The fault in the distribution line must be detected, and Smart Meters must be installed to identify the fault. The installation cost can be reduced by reducing the number of fault detectors. A necessary optimization approach should be employed to reduce the number of Smart Meters and discover the ideal location of a smart meter. A Jellyfish-based optimization approach is used in this paper to discover the ideal position of the smart meter. The objective function of the Optimal Placement Problem (OPP) is given by:

$$J=min{\displaystyle \sum }_{k=1}^n{Z}_k$$

(32)

Subject to $\left[A\right]\ast \left[Z\right]\ge \left[b\right]$ where A represents a matrix of connectivity, and n denotes the buses’ number. The $A_{ij}$ element of matrix A is represented as follows:

$$A_{ij}=\{\begin{array}{cc}1& \hfill if i=j\\ 1& \hfill i and j are connected\\ 0& \hfill otherwise\end{array}$$

(33)

whereas B represents a column matrix and is described as $\left[b\right]={\left[\mathrm{11111.....1}\right]}_{1XN}^T$.

The first step in the index technique [40] is to pick the bus that serves as the system’s terminal. The bus that serves as the system’s terminal is the bus that is linked to no more than one other bus in the whole network. A smart meter that is installed on the terminal bus is only able to monitor a maximum of two buses at a time: the terminal bus itself and the bus that is connected to the terminal bus. Therefore, the smart meter is positioned on the bus that is connected to the terminal bus being observed. After positioning the smart meters on the bus that is adjacent to the terminal bus, the search for the bus with the highest connectivity index, if there is one, is narrowed down to a single candidate. The number of previously undetected buses that may be seen through smart meters when it is positioned at a certain bus is what is meant to be understood by the term “connectivity index”. The value will be determined for the i^th bus by taking the negative of the sum of all of the components in the i^th row of matrix A.
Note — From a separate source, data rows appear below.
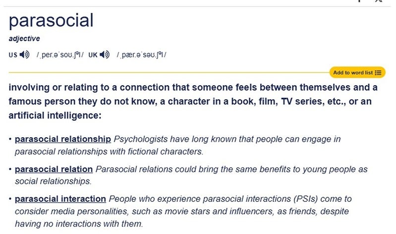 O termo é definido pelo dicionário como “uma relação que alguém experimenta com uma pessoa famosa que não conhece, um personagem de livro, filme ou série de TV, etc., ou uma inteligência artificial”.
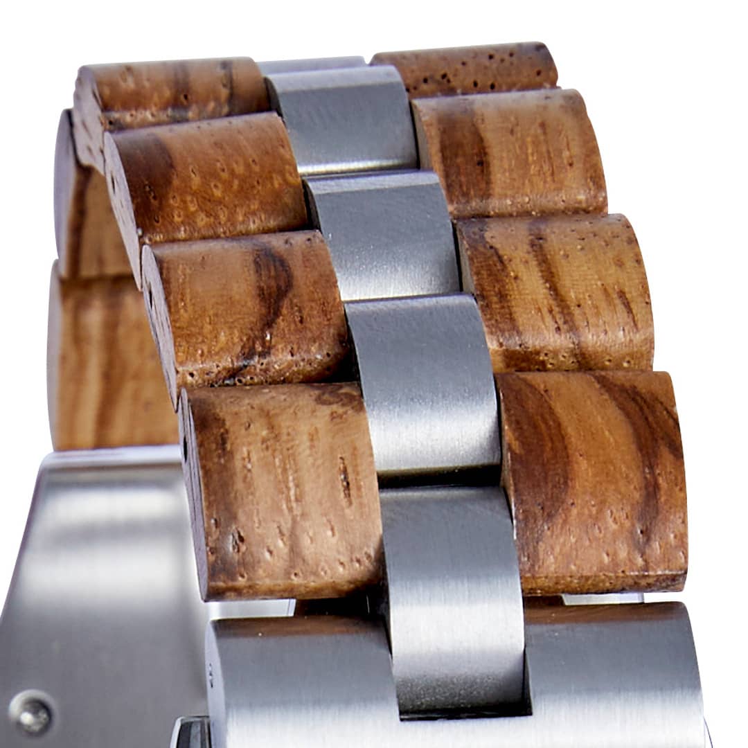 Contrasting Style: The sandalwood showcases a unique colour combination of the brushed steel links, bezel, and back; alongside the natural light brown hues of Zebrawood.  Every Sandalwood watch is one-of-a-kind, featuring grain patterns unique to the piece of wood it was carved from.
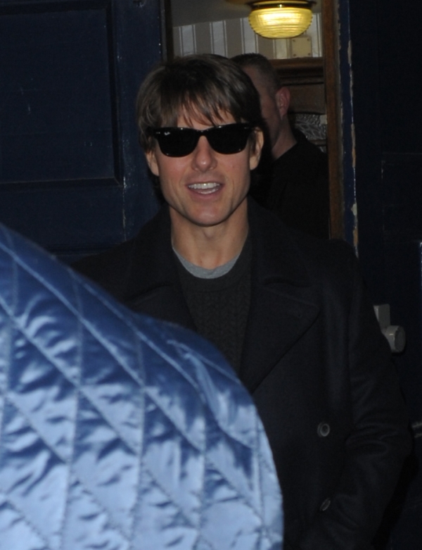 Attached – Tom Cruise in London this weekend after seeing Cats with Nicole Scherzinger. Is he recruiting at musicals now?

If the connection indices of more than one bus are the same, the best bus to use is the one and only one that has the greatest evolution index, if there is one. When an additional smart meter is installed at a specific bus, while keeping smart meters at all other previously assigned locations unchanged, the total of all elements of the resulting A matrix is used to calculate the evolution index of the bus. This index is referred to as the evolution index. The presence of a high evolution index in a bus indicates that it is connected to other buses that have a reduced level of connectivity with the rest of the system. Because of this, priority should be given to that one bus in particular, which connects buses that are less accessible and not watched.

The demise of index methodology could have occurred for two distinct reasons.

• The “A” matrix vanishes, denoting that the system may be fully observed with just a few known locations. That’s why we can skip the Jelly Fish Optimization Algorithm.
• There is no single bus that has the highest connection index or has the highest connectivity index and the highest evolution index, therefore there will still be unseen buses even after smart meters have been placed in a predetermined set of places according to the index approach. Therefore, the Jellyfish optimization process must be used if we want to acquire a whole set of ideal sites.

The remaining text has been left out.